In order to assign the return value of malloc to a pointer of any type other than void*, you have to cast it. While C++ requires you to cast explicitly, the C compiler does that implicitly for you. So even if you write

int *a = malloc(sizeof(*a));

the compiler will implicitly cast the RHS expression. That would be equivalent to

int *a = (int*) malloc(sizeof(*a));

You are using the hasParent narrowing matcher, which only matches direct parents and not any ancestors. Therefore your matcher will only match assignments without any type of cast.

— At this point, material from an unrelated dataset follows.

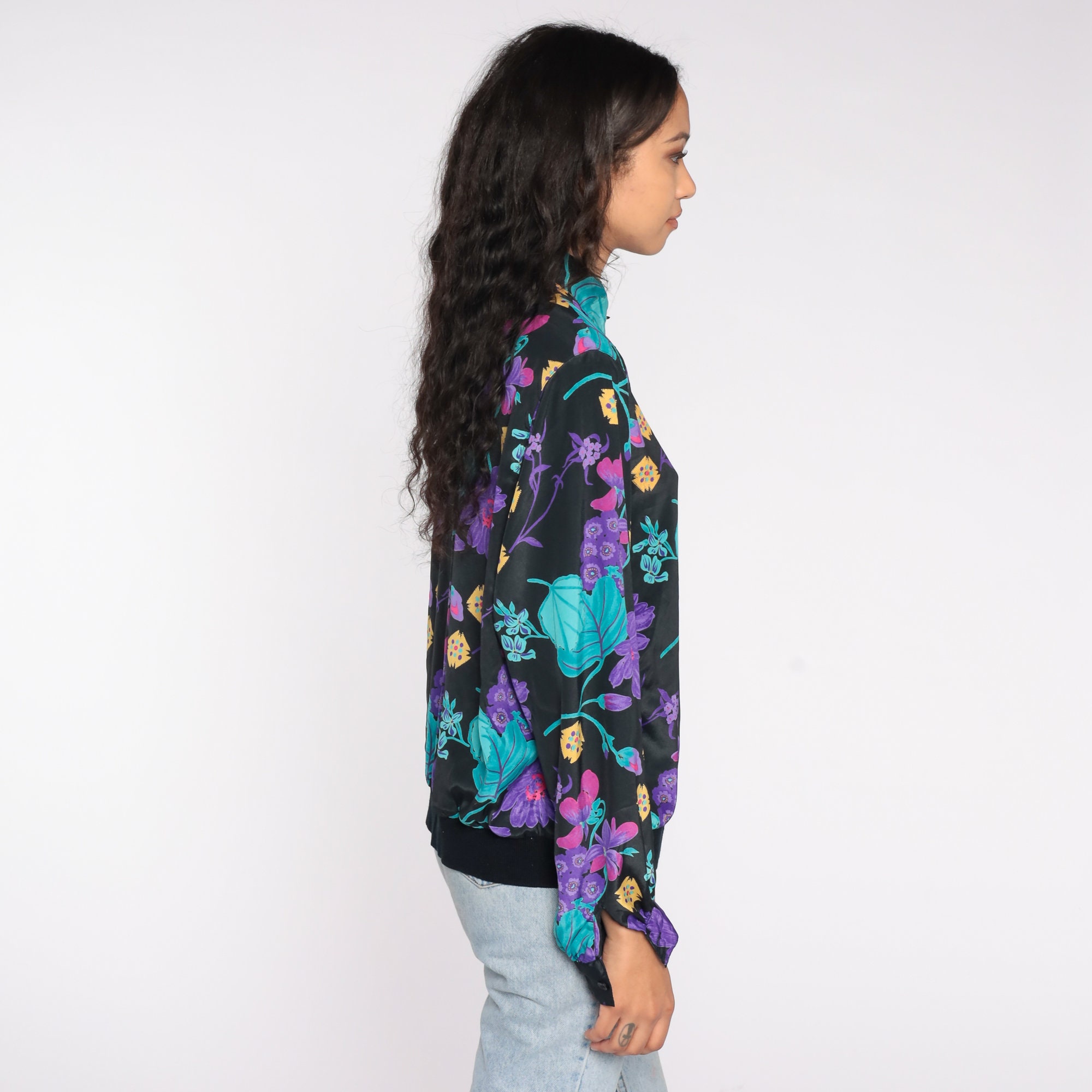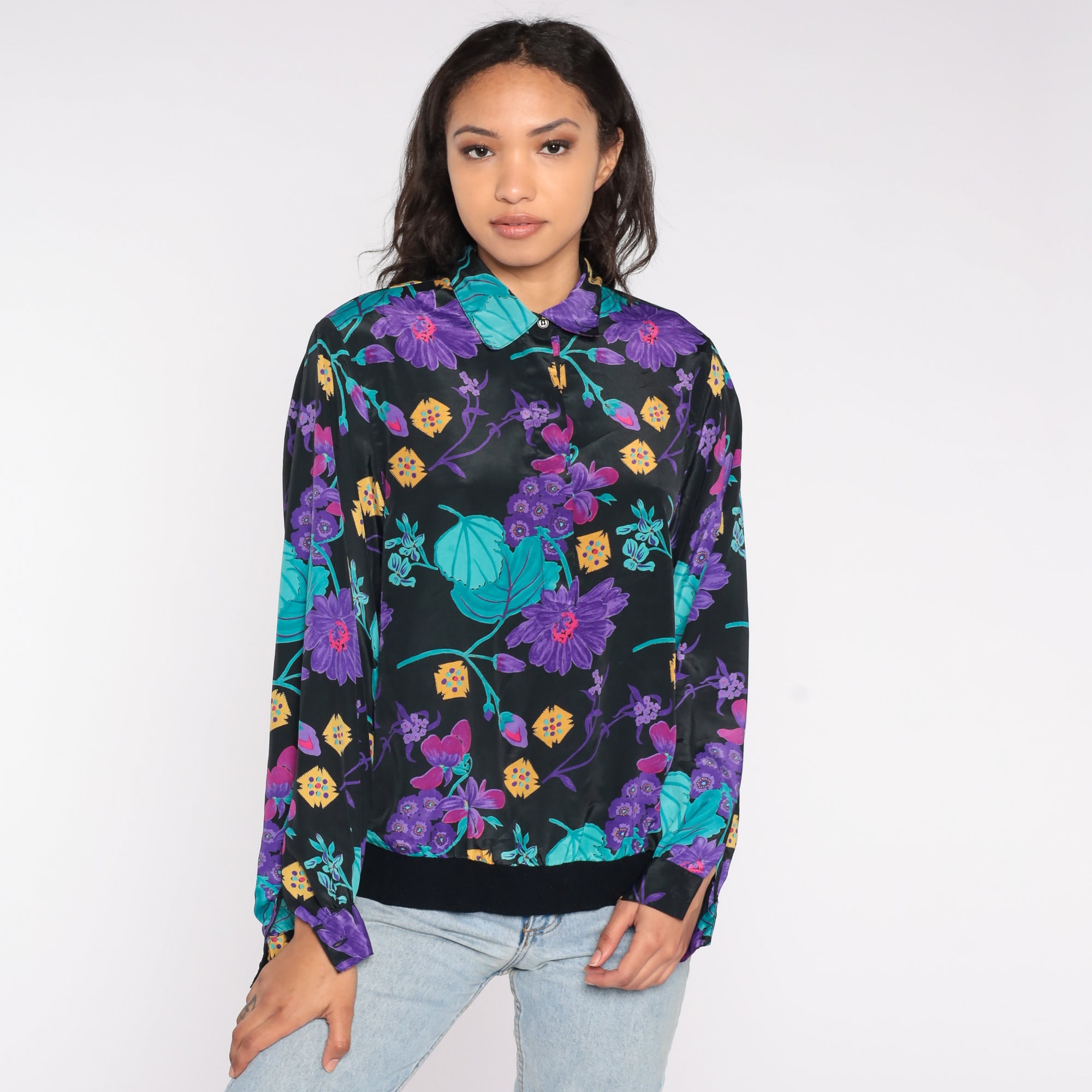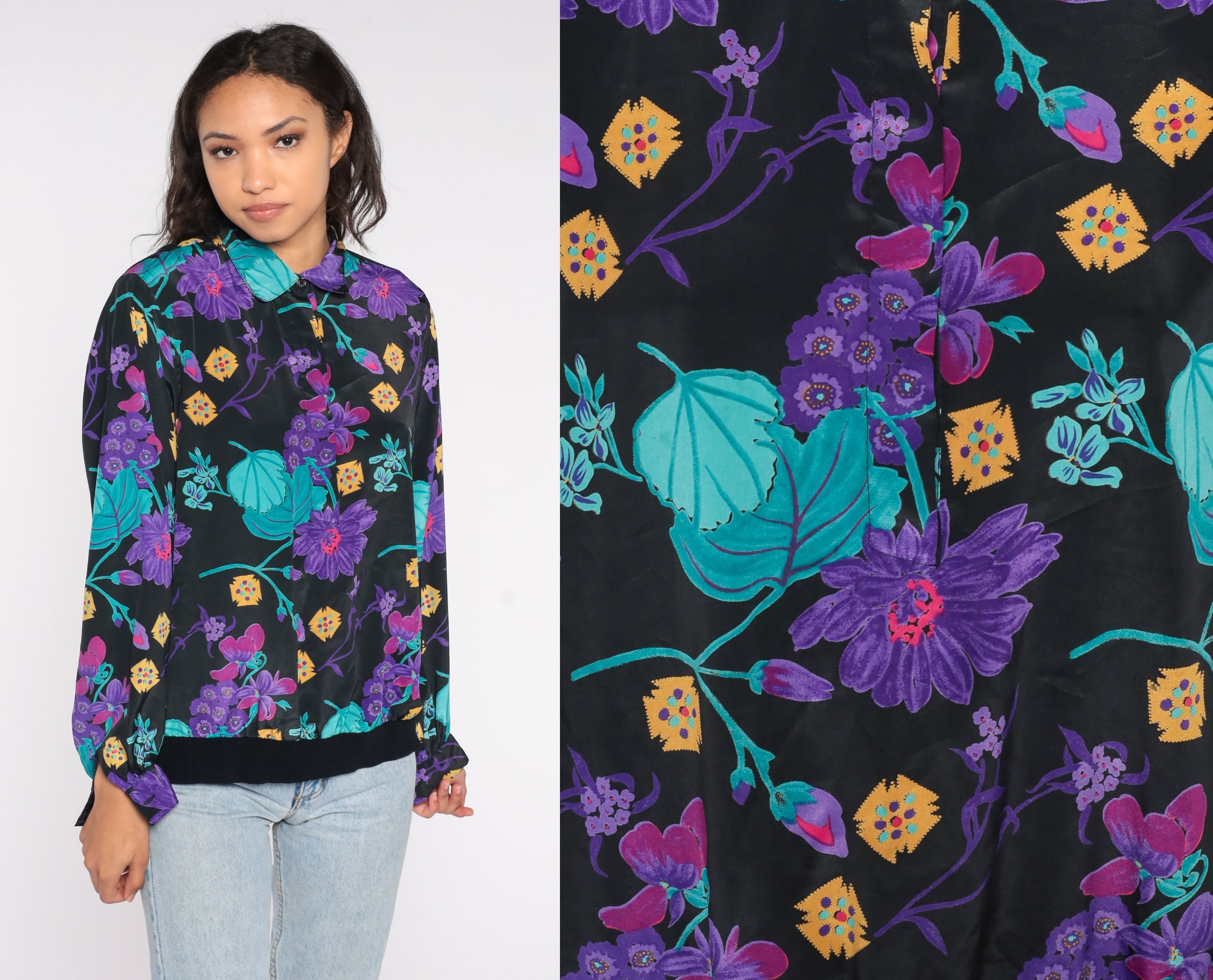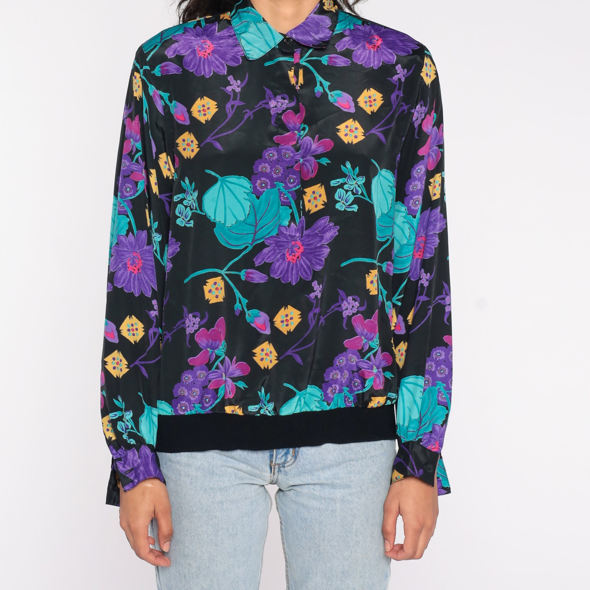 Vintage 80s 90s shirt in a floral print with long cuffed sleeves, a collar, a banded hem, and buttons on the chest.

And pretty much the same thing happens with your declRefExpr. The C standard says that functions automatically decay to pointers-to-functions automatically. Clang implicitly casts malloc to void *(*)(size_t) and that breaks your hierarchy of matchers.

Possible Solutions

Well, that depends on what you would actually want to do. First of all, you can generally fix the part selecting malloc functions by using this snippet:

callExpr(callee(functionDecl(hasName("malloc"))))

The rest depends on what you want to select. If you are only interested in matching direct assignments like in the first example above, then you can use the ignoringImpCasts matcher. For some reason I have not been able to insert it in the matcher as you wrote it, so just invert the matcher. Looks like this:

binaryOperator(
  hasOperatorName("="),
  hasRHS(ignoringImpCasts(
    callExpr(
      callee(functionDecl(hasName("malloc")))
    ).bind("functionCall")
  ))
).bind("assignment")

If you additionally want to include explicit casts like in the second example, use ignoringParenImpCasts instead:

binaryOperator(
  hasOperatorName("="),
  hasRHS(ignoringParenImpCasts(
    callExpr(
      callee(functionDecl(hasName("malloc")))
    ).bind("functionCall")
  ))
).bind("assignment")

If you are interested in all assignments with arbitrary expressions containing malloc, use hasAncestor instead. It does not only match direct parents but traverses up until it matches your node:

callExpr(
  callee(functionDecl(hasName("malloc"))),
  hasAncestor(
    binaryOperator(hasOperatorName("=")).bind("assignment")
  )
).bind("functionCall")

One more thing. You are probably only interested in matching whatever is defined in your source code directly and not in included header files. Simply add unless(isExpansionInSystemHeader()) to your top-level matcher and it will exclude all definitions from system headers.

Note that this code has been tested with LLVM 3.7 and future changes might break it.

How to Debug

Allright, so how the hell should we know all that? Turns out, that Clang already provides you all you need :) Specifically, there are two features you might be interested in.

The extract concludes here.